Думаю, не стоит упоминать о том, что с того самого времени я уже ни на грош не доверяла своей служанке, и даже лишний раз смотреть на нее не могла, но Бибе было все – как с гуся вода. Много позже я узнала, что попросить меня написать письмо родным – это была целиком инициатива моей служанки, этой самой Бибы, которой позарез требовались деньги на свадьбу и обзаведение собственным хозяйством. Что ж, у нее все получилось именно так, как она и задумывала. Тем не менее, наглая девка по-прежнему вела себя со мной вежливо, обходительно, мило улыбалась, только что в глаза преданно не заглядывала, а потом попыталась, было, вновь втереться мне в доверие, только все ее усилия оказались напрасны, да и, честно говоря, было бы странно, если б я вновь совершила подобную глупость...
– Теперь мне понятно, отчего она так испугалась... – хмыкнул Крис. – Всерьез восприняла все наши страшилки, решила, что теперь пришла твоя очередь с ней разобраться... Кстати, твои сломанные пальцы... Они нормально зажили?
– Как сказать... На правой руке с пальцем все в порядке, а вот на левой... Он почти не сгибается. Тот палец был сломан сразу в нескольких местах, и переломы срослись неудачно. Мой бывший муж, несмотря на низкий рост и непропорциональность фигуры, был очень сильным человеком, а когда он впадал в ярость, то его сила удваивалась... Все, больше о нем не говорим! Меня куда больше беспокоит другое, то, что Биба сказала о моих родных.
– Понимаю...
Дело в том, что насмерть перепуганная Биба без запинки отвечала на все наши вопросы, ведь в то время ей было явно не до вранья. Так вот, когда в конце нашего разговора я спросила ее, не знает ли она что-либо о моих родных, то девица без промедления ответила – а то как же! Оказывается, за пару дней до того, как Бибе показали на порог, она слышала, как господин ди Роминели велел стряпчему предъявить расписку о погашении долга в две тысячи золотых семье графа де ля Сеннар. Дескать, у них, конечно, денег нет, вдове с детьми никто в долг давать не намерен – все одно отдавать нечем, так что вся эта высокородная семья пусть выметаются из своего замка, после чего там необходимо описать все имущество, и пустить замок с молотка. Что касается вдовушки и ее деток, то не они первые скатываются в нищету, не они последние...

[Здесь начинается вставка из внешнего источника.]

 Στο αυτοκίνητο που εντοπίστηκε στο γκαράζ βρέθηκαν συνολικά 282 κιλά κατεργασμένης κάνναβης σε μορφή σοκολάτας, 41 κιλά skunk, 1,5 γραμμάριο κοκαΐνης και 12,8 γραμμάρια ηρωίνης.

Надо сказать, что от этой новости у меня на душе стало тошно. Мачеха было неплохим человеком, у нас с ней были хорошие отношения, и я любила своих сводных братьев и сестру. А еще мне было известно, что мачеха – круглая сирота, так что помочь ей некому, и с детьми ей пойти тоже некуда. Что же касается бабушки, то она и без того истратила кучу денег, пытаясь добиться моего освобождения, и вряд ли сумеет помочь моей мачехе, которая ей, по сути, никто. К тому же две тысячи золотых – это очень большие деньги, а бабушка при наших последних встречах как-то обмолвилась, что ее дела тоже идут далеко не лучшим образом...

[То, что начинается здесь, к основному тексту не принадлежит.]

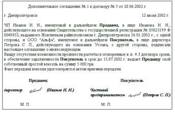 Образец составления дополнительного соглашения к основному договору, предусматривающего использование в расчетах простого векселя

– Долг в две тысячи золотых... – я покачала головой. – У меня в голове не укладывается, как отец мог накопить такую сумму! Скорей всего, семейка ди Роминели скупила все старые долги отца – он совсем не умел хозяйничать и вести денежные дела! Похоже, семья моего бывшего мужа старается мстить мне всеми доступными ей средствами. Наверняка отец занял крупную сумму, чтоб помочь мне, вот потому в итоге и набралось невесть столько... Самое неприятное в том, что я никак не могу помочь своим родным, хотя в тех векселях, что мы у нас есть, денег более чем достаточно.
– То-то и оно... – кивнул Крис. – Послать бы к твоей мачехе кого с деньгами, только вот где найти надежного человека? Нам с тобой около тех мест и близко показываться нельзя – наверняка там засада, а то и не одна, и все хотят поймать нас, бедных и несчастных...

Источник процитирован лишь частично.